The Accident


*Disclaimer*
I apologize for any wonky sentences, poor spelling, or for being simply unintelligible. I still struggle with sentence structures and how to properly organize my thoughts. I am mainly writing this blog to promote safe riding (helmets and proper tack) and to help with my healing process.


 I've been on the back of a horse since I was 11 months old. Literally! Since then, my love has continued to grow over the course of twenty-two years. I've had my fair share "bad" learning experiences... But, since the very beginning, I've always been taught to get right back in the saddle.


I have owned my second horse, Shyanne, for nearly 12 years now. We've experienced and learned so much together and we have always willingly put immense trust into one another. Despite both of our experience; a sudden act of thoughtlessness lead into a quick disaster.



On February 14th 2015, I was involved in a careless accident (aren't most?) that lead me straight into the ICU for 5 days. Completely shaken and in immeasurable pain-- I was informed that I may have had to undergo emergency surgery due to a brain hemorrhage. (subdural hematoma)

My mind had completely shut down, and I desperately tried to cling-on to my fleeting thoughts. Looking back, I cannot even count the endless supply of staff that were constantly flowing in and out of my hospital room. The questioning and interrogating felt nearly endless..

"What can you remember?"
"Did you black out after the fall?"
"Do you know where you are?"


Thankfully, I had to only be monitored during my stay at the hospital, and in the end I didn't have to go through with any surgery.

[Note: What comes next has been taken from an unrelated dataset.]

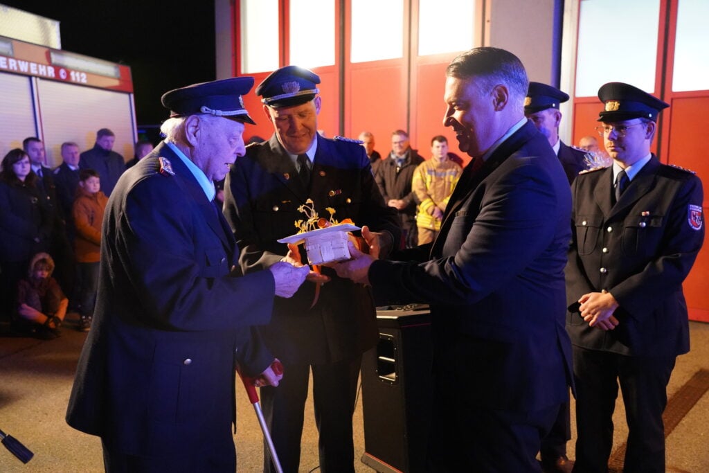 Im Rahmen der Jubiläumsveranstaltung wurde zudem Alfred Richter, Ehrenmitglied der Freiwilligen Feuerwehr Schwarzheide, besonders geehrt. Anlässlich seines 93. Geburtstags erhielt er Anerkennung für seine langjährige Mitgliedschaft und Verdienste. Richter ist seit 1959 Mitglied der Feuerwehr und war in seiner aktiven Zeit als stellvertretender Zugführer des Löschzuges Ost tätig. Mit der Feier würdigte die Stadt Schwarzheide das jahrzehntelange Engagement ihrer Feuerwehrkräfte und die wichtige Rolle des Ehrenamts im Bevölkerungsschutz.

Just lots of morphine, ice packs, and the readjusting of my dislocated shoulder.
During my stay, I was constantly reminded of the severity of my situation because I was unable to walk or do much of anything on my own. I thank God for the wonderful team of nurses that took such great care of me. Their constant reassurance that everything would be O.K is honestly what kept me from having a complete meltdown.

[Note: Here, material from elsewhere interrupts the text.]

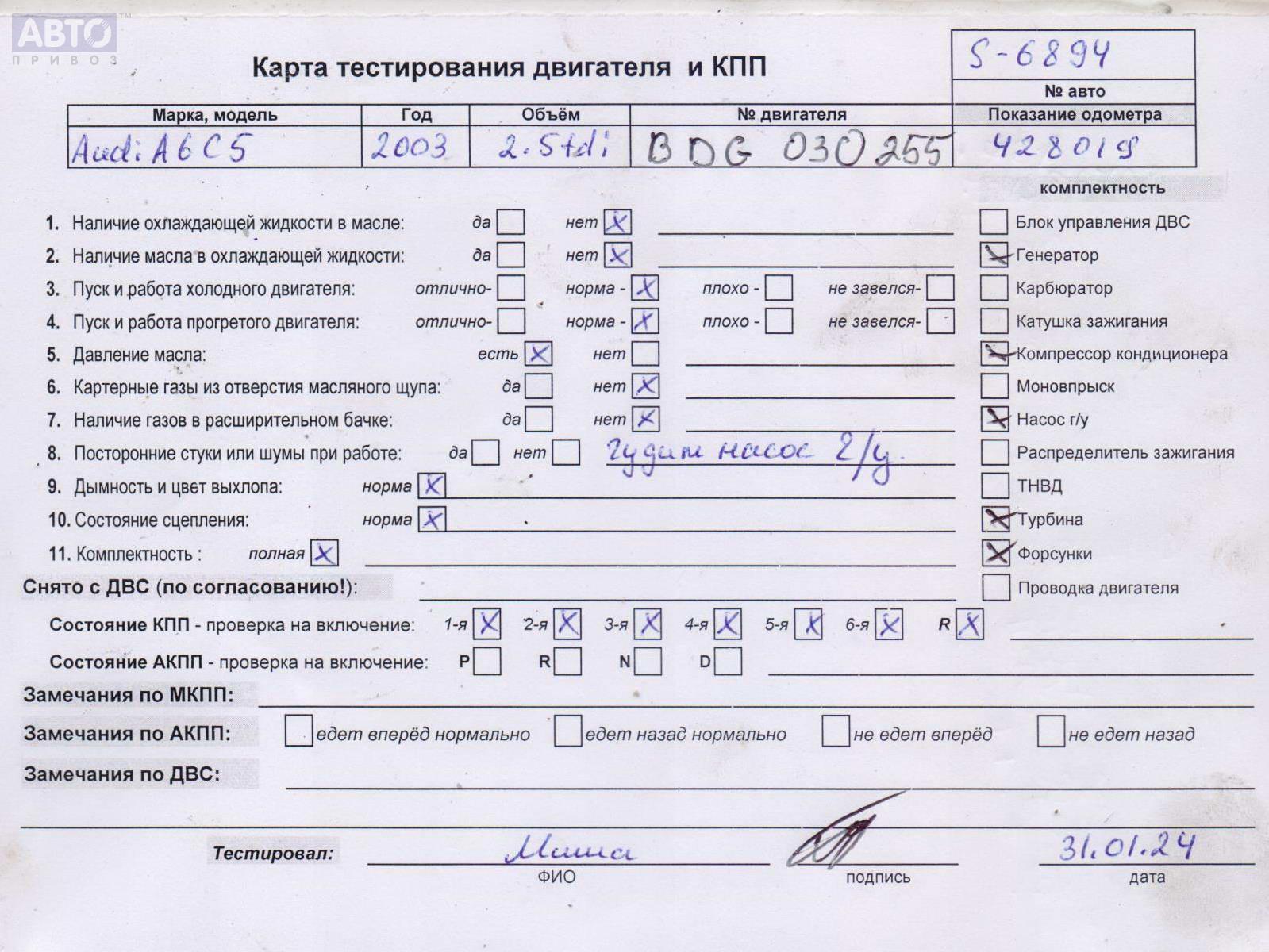 | Автомобиль / VIN: | S6894 WAUZZZ4B74N073482 |

My primary doctor and neurosurgeon prepared me for the year-long recovery that I would, and still have in store. From the unwaning mood swings... to the memory loss, constant headaches and inability to communicate properly... I then realized that my year was definitely going to be a long one.

Looking back now, I am so grateful that it wasn't *as serious* as it could have been. My neurosurgeon told me that if I would have hit just a smidge harder, I could very well be paralyzed.
The only thing I truly regret is also knowing the fact that wearing a helmet could have also saved me from so much grief.